▶ _Aim of the task_: The lines to return run from the one containing "不锈钢折叠桌子家用餐桌圆桌烤火桌娱乐取暖桌便携U收纳桌加厚彩" through the end of the material; give them exactly and leave out the pictures.

Data to process Block Start

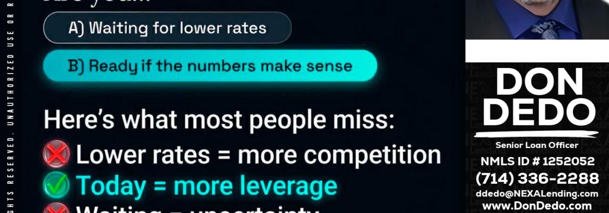 IF YOU ARE - Don Dedo -Mortgage Loan OriginatorHi, my name is Don Dedo. I’m a Loan Officer with NEXA Lending LLC., offering personalized mortgage solutions, fast customized quotes, great rates and service with integrity.
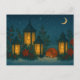 Una acogedora noche de invierno: farolillos brillando en la nieve, un zorro acurrucado por el calor y un holly esparcido bajo un cielo estrellado.
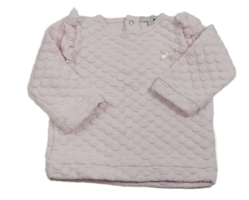 Svetloružová bodkovaná á mikina s mašlou a volánikmi
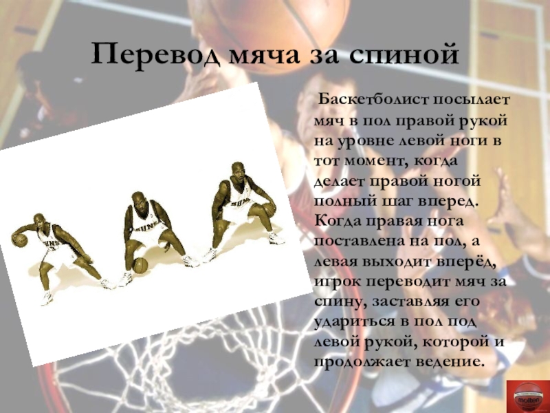 правой рукой на уровне левой ноги в тот момент, когда делает правой ногой полный шаг вперед. Когда правая нога поставлена на пол, а левая выходит вперёд, игрок переводит мяч за спину, заставляя его удариться в пол под левой рукой, которой и продолжает ведение.
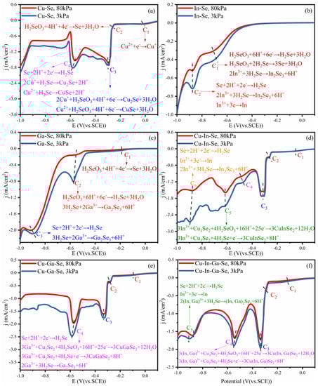 The LSV curves in the (a) Cu−Se, (b) In−Se (c) Ga−Se binary, (d) Cu−In−Se, (e) Cu−Ga−Se ternary, and (f) Cu−In−Ga−Se quaternary solutions at 3 kPa.
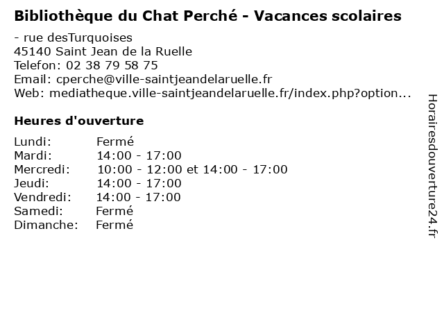 Termes de recherche pour Bibliothèque du Chat Perché - Vacances scolaires:du, perche, chat, livres, vacances, bibliotheque, cd, dvd, scolaires, jeux videos, revues |
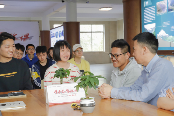 最后,师生围坐在一起,就地球环境变化、气候载体研究等方面展开了热烈的分享交流。同学们纷纷表示,在“看得见、摸得着”的化石、矿物标本中,地学知识与科学精神变得形象与生动,在耳濡目染中,地学文化根基与工业报国志向变得立体与清晰。
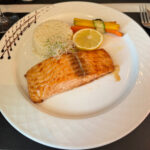 Filet de saumon bien conséquent, accompagné de riz et de "frites" de carottes, plat simple mais qui fait le job.
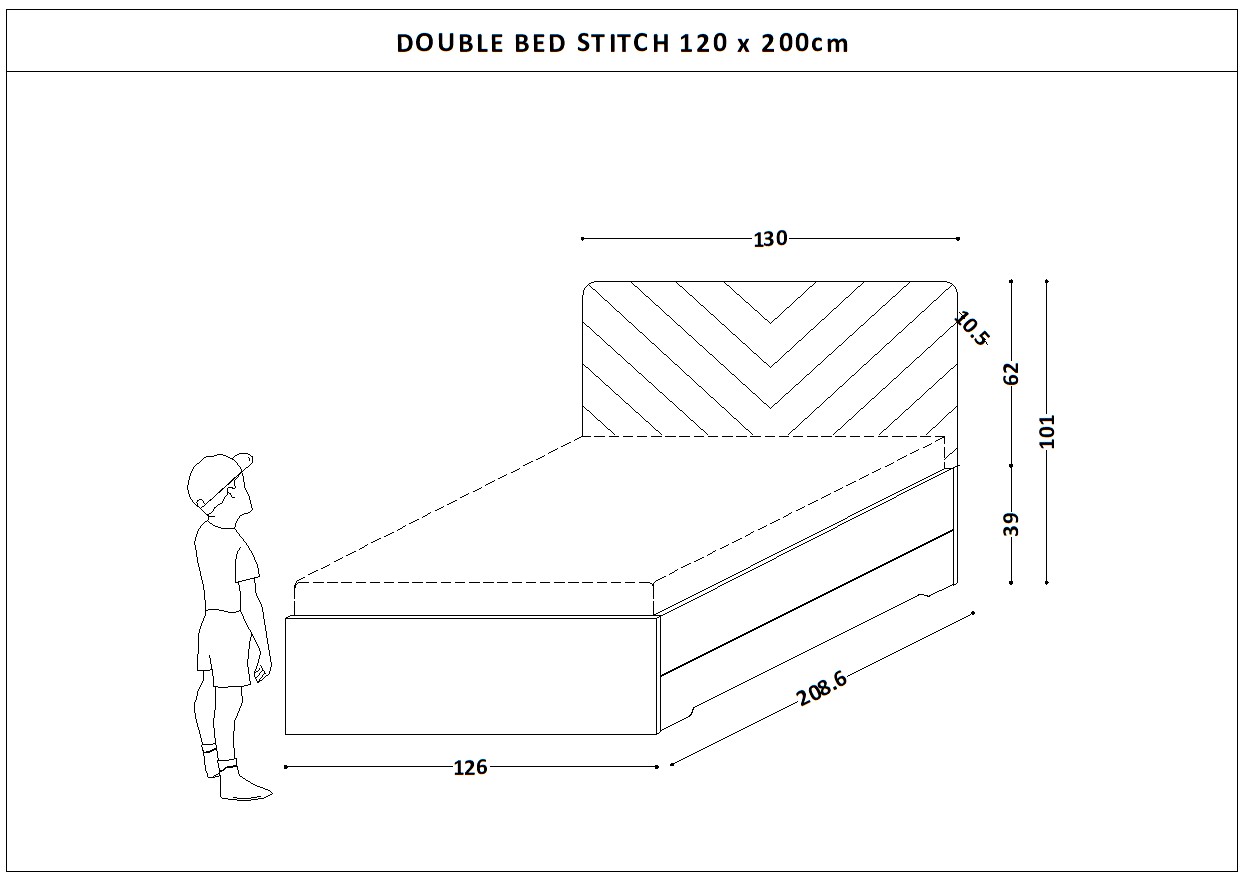 Łóżko ma tapicerowaną skrzynię i zagłówek w kształcie PROSTOKĄTA Z PRZESZYCIAMI.
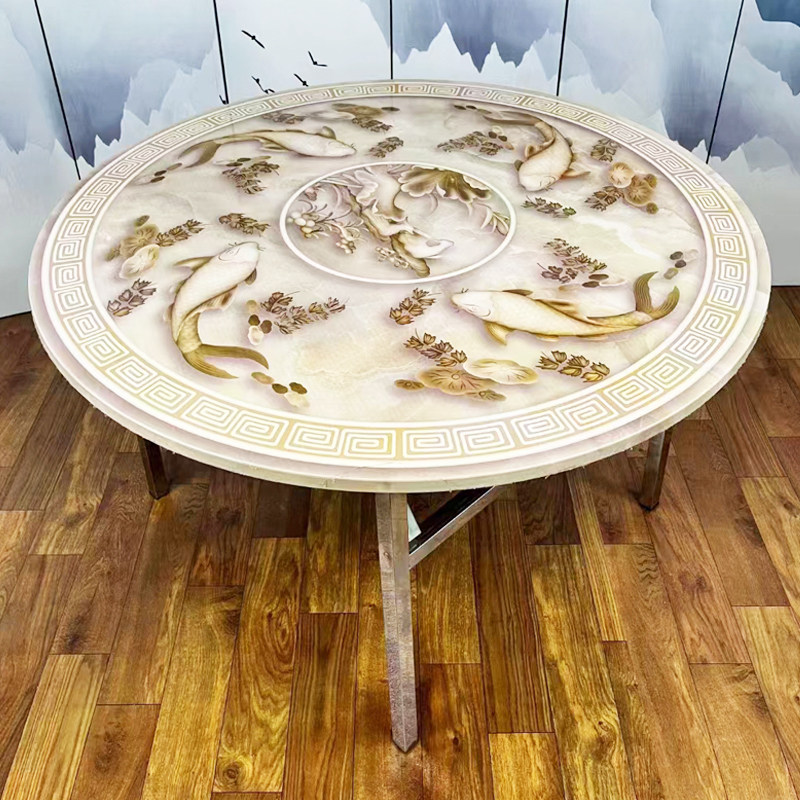 不锈钢折叠桌子家用餐桌圆桌烤火桌娱乐取暖桌便携U收纳桌加厚彩
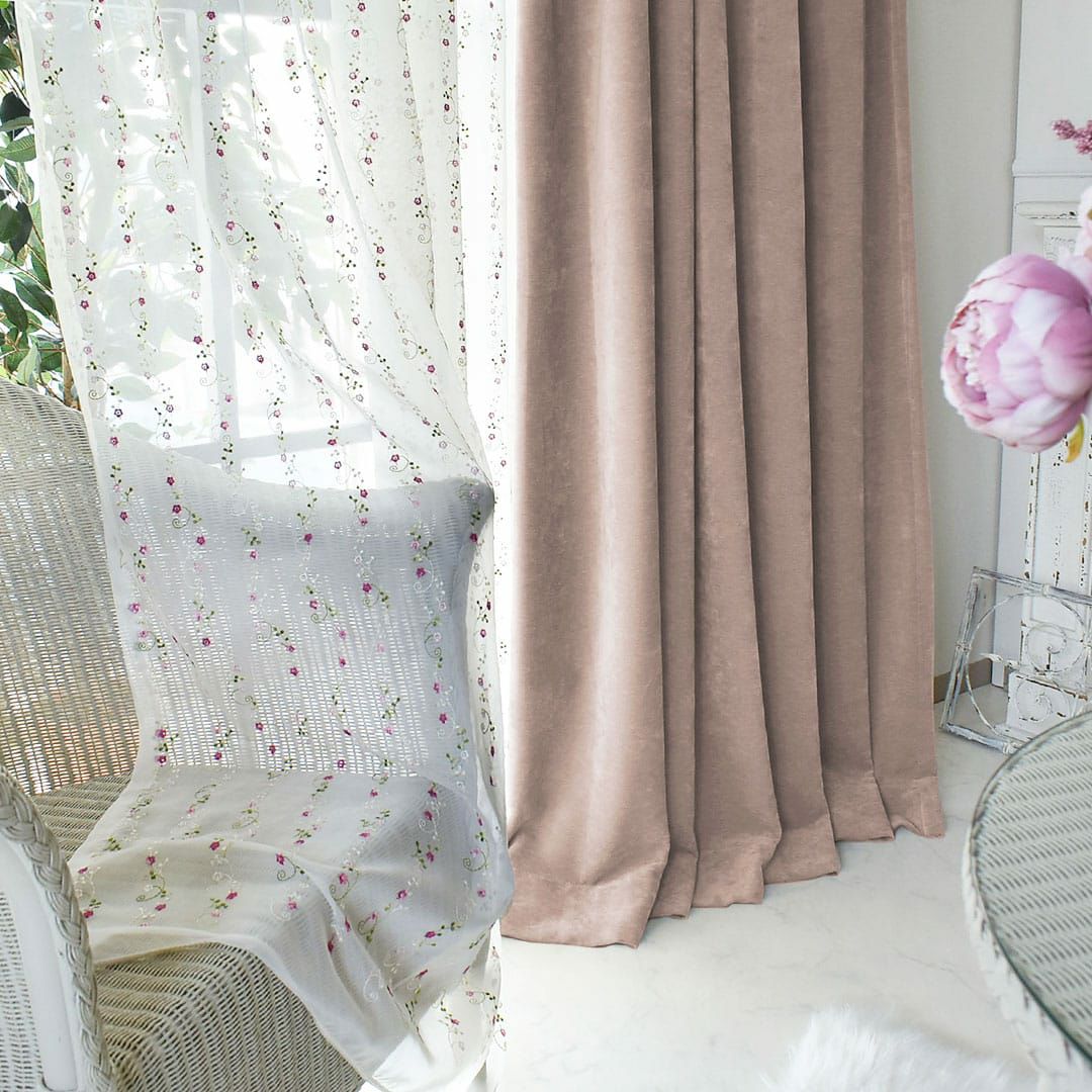 エレガントさを求めるなら淡い色、重厚感を求めるなら濃い色がおすすめです。 遮光カーテンなので光を遮ってくれます。

Data to process Block End

▶ _Output of the task_:
 不锈钢折叠桌子家用餐桌圆桌烤火桌娱乐取暖桌便携U收纳桌加厚彩
 エレガントさを求めるなら淡い色、重厚感を求めるなら濃い色がおすすめです。 遮光カーテンなので光を遮ってくれます。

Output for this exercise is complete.